- Richwood Township, Minnesota Location within the state of Minnesota Richwood Township, Minnesota Richwood Township, Minnesota (the United States)
- Coordinates: 46°56′32″N 95°50′53″W﻿ / ﻿46.94222°N 95.84806°W
- Country: United States
- State: Minnesota
- County: Becker

Area
- • Total: 36.0 sq mi (93.2 km^{2})
- • Land: 34.1 sq mi (88.3 km^{2})
- • Water: 1.9 sq mi (4.9 km^{2})
- Elevation: 1,440 ft (439 m)

Population (2000)
- • Total: 610
- • Density: 18/sq mi (6.9/km^{2})
- Time zone: UTC-6 (Central (CST))
- • Summer (DST): UTC-5 (CDT)
- ZIP code: 56577
- Area code: 218
- FIPS code: 27-54376
- GNIS feature ID: 0665419

= Richwood Township, Becker County, Minnesota =

Richwood Township is a township in Becker County, Minnesota, United States. The population was 610 as of the 2000 census.

==History==
Richwood Township was organized in 1871. It was named after a place called Richwood in Ontario, Canada, the former hometown of an early settler.

==Geography==
According to the United States Census Bureau, the township has a total area of 36.0 square miles (93.2 km^{2}), of which 34.1 square miles (88.3 km^{2}) is land and 1.9 square miles (4.9 km^{2}) (5.23%) is water.

===Major highway===
- U.S. Route 59

===Lakes===
- Bean Lake
- Buffalo Lake (west quarter)
- Cabbage Lake
- Campbell Lake
- Corn Lake
- Harding Lake
- Houg Lake
- Lake Kraut
- Pearson Lake
- Pork Lake
- Sands Lake
- Tomato Lake

===Adjacent townships===
- Callaway Township (north)
- Sugar Bush Township (northeast)
- Holmesville Township (east)
- Erie Township (southeast)
- Detroit Township (south)
- Audubon Township (southwest)
- Hamden Township (west)

===Cemeteries===
The township contains these five cemeteries: Bakke Lutheran, Buffalo Lake, Lund, Richwood and Upsala.

==Demographics==
As of the census of 2000, there were 610 people, 225 households, and 177 families residing in the township. The population density was 17.9 people per square mile (6.9/km^{2}). There were 246 housing units at an average density of 7.2/sq mi (2.8/km^{2}). The racial makeup of the township was 92.13% White, 0.82% African American, 3.93% Native American, 0.33% Pacific Islander, and 2.79% from two or more races.

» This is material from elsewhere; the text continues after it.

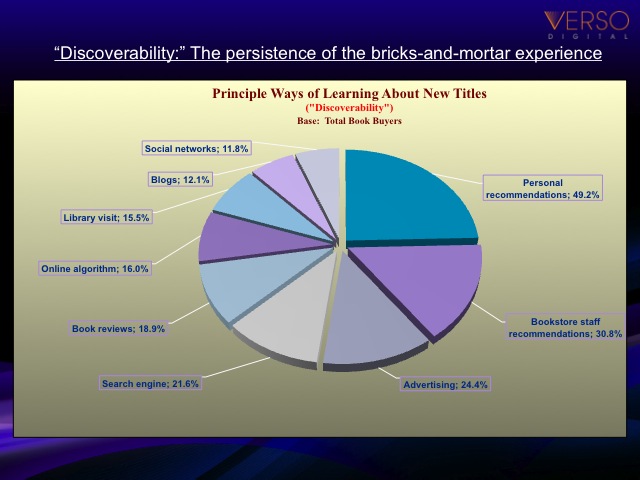 Readers find out about books mostly through personal recommendations (49.2%), bookstore staff recommendations (30.8%), advertising (24.4%), search engine searches (21.6%) and book reviews (18.9%). Much less important are online algorithms (16%), blogs (12.1%) and social networks (11.8%). These results "reaffirm the power and necessity of bricks-and-mortar stores and traditional marketing efforts," McKeown commented.

There were 225 households, out of which 33.8% had children under the age of 18 living with them, 71.1% were married couples living together, 2.7% had a female householder with no husband present, and 21.3% were non-families. 16.4% of all households were made up of individuals, and 7.6% had someone living alone who was 65 years of age or older. The average household size was 2.71 and the average family size was 3.02.

In the township the population was spread out, with 27.0% under the age of 18, 7.4% from 18 to 24, 27.2% from 25 to 44, 28.4% from 45 to 64, and 10.0% who were 65 years of age or older. The median age was 38 years. For every 100 females, there were 110.3 males. For every 100 females age 18 and over, there were 107.0 males.

The median income for a household in the township was $43,125, and the median income for a family was $47,083. Males had a median income of $29,125 versus $21,250 for females. The per capita income for the township was $18,149. About 7.5% of families and 14.6% of the population were below the poverty line, including 28.9% of those under age 18 and 7.8% of those age 65 or over.